In 2005, Posner felt+ changes in how and what he wrote as a "sort-of" adapter/playwright/remixer. "Up until that time," he says, "most of what I did was reverent, serving the original author's vision, be it Chaim Potok or Kurt Vonnegut. I was sharing their stories in ways to make them proud."
That changed with Bird, a jumbled, highly personalized rewrite of Chekhov. It became a way for Posner to look at events in his own life (the birth of a daughter) and his surroundings (politics, his life as an artist) and spin Seagull into autobiography. Suddenly, #Black LivesMatter and egotistic TV actresses became part of Chekhov's - well, Posner's - material.
"I suddenly felt, 'No, no, I'm going to borrow your world and your playground, Anton Chekhov, and use it for my own purpose,' " Posner says with a laugh.
"People used to ask why don't I write my own plays," he says. "And I would tell them that these authors' words and ideas were so much more far-thinking than my own. That is, until, all of a sudden, I realized that I had been doing this for quite some time and have my own interesting life to draw from - relationships, love, hope, struggle."
The Seagull is, in part, a play about plays, and Posner reshaped it into a play about a play about plays about a life. The character of Conrad even uses Posnerian phrases ("I do say 'actually, actually' a lot") along with personal opinions and actions. As Posner puts it, "I'm embedded all over the Bird.
"The truth is the point of theater," Posner says. "As a director, I've forever asked actors to look into their hearts and minds and put their truth on the line: to reach deep, be generous and courageous. After a generation of asking that, I owe that of myself."
Why Chekhov? Posner says the playwright's language and vision give those who are curious and ardent license to create, or rather, recreate. "One hundred and 10 years ago, he was creating a new form of theater out of his radical honesty about everyday people, himself included. Now, I love bigger-than-life heroes and villains, but people getting through life and art's daily struggles - the quotidian difficulties - fascinated him and me. I'm the zillionth person to adapt Chekhov's words. We do it because of his transparency - I'm just re-radicalizing him."

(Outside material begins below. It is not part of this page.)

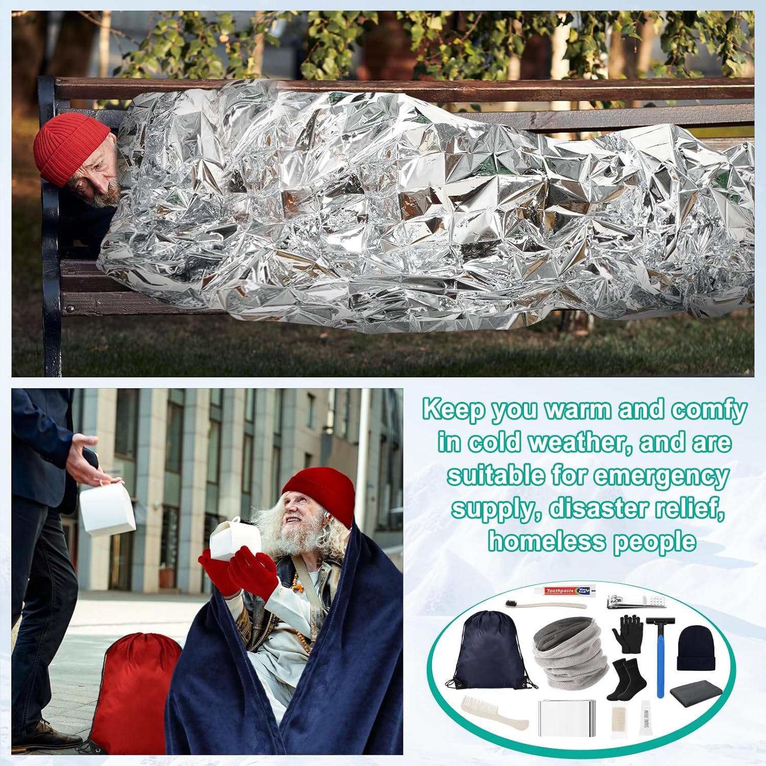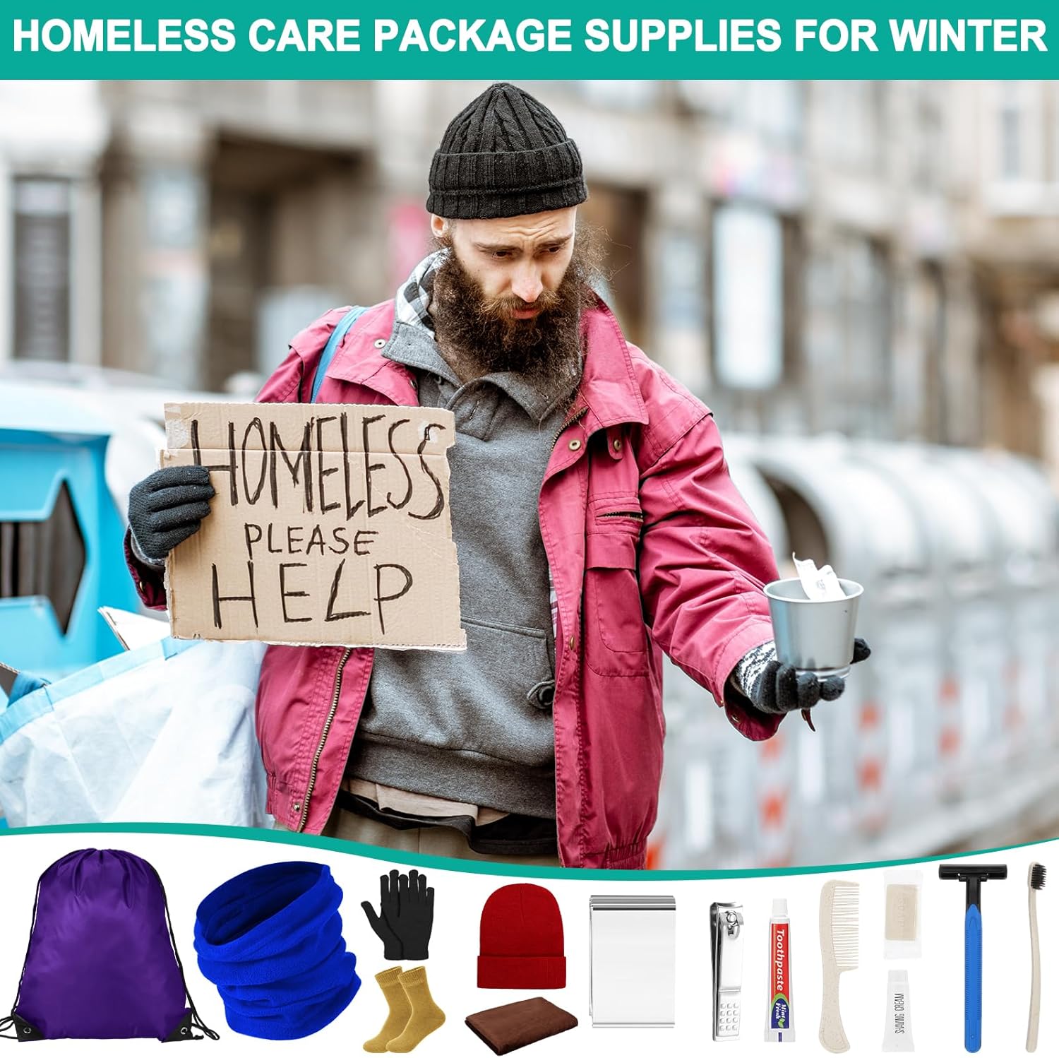 168 Pcs Homeless Care Package Supplies Hygiene Kit Winter Beanie Neck Warmer Gloves Drawstring Bags for Men Women

Since its first performance in May 2013 by the Woolly Mammoth Theatre Company in Washington, Bird has flown around the globe to great applause. It won the Charles MacArthur Award for New Play or Musical in 2014. Popularity also has come to Life Sucks (Or the Present Ridiculous), Posner's equally irreverent, personal take on another Chekhov play.
Posner values the success less for the money than for the acceptance. "I don't feel so alone in all this anymore," he says. "Other people are responding to the things that I'm thinking about art and life."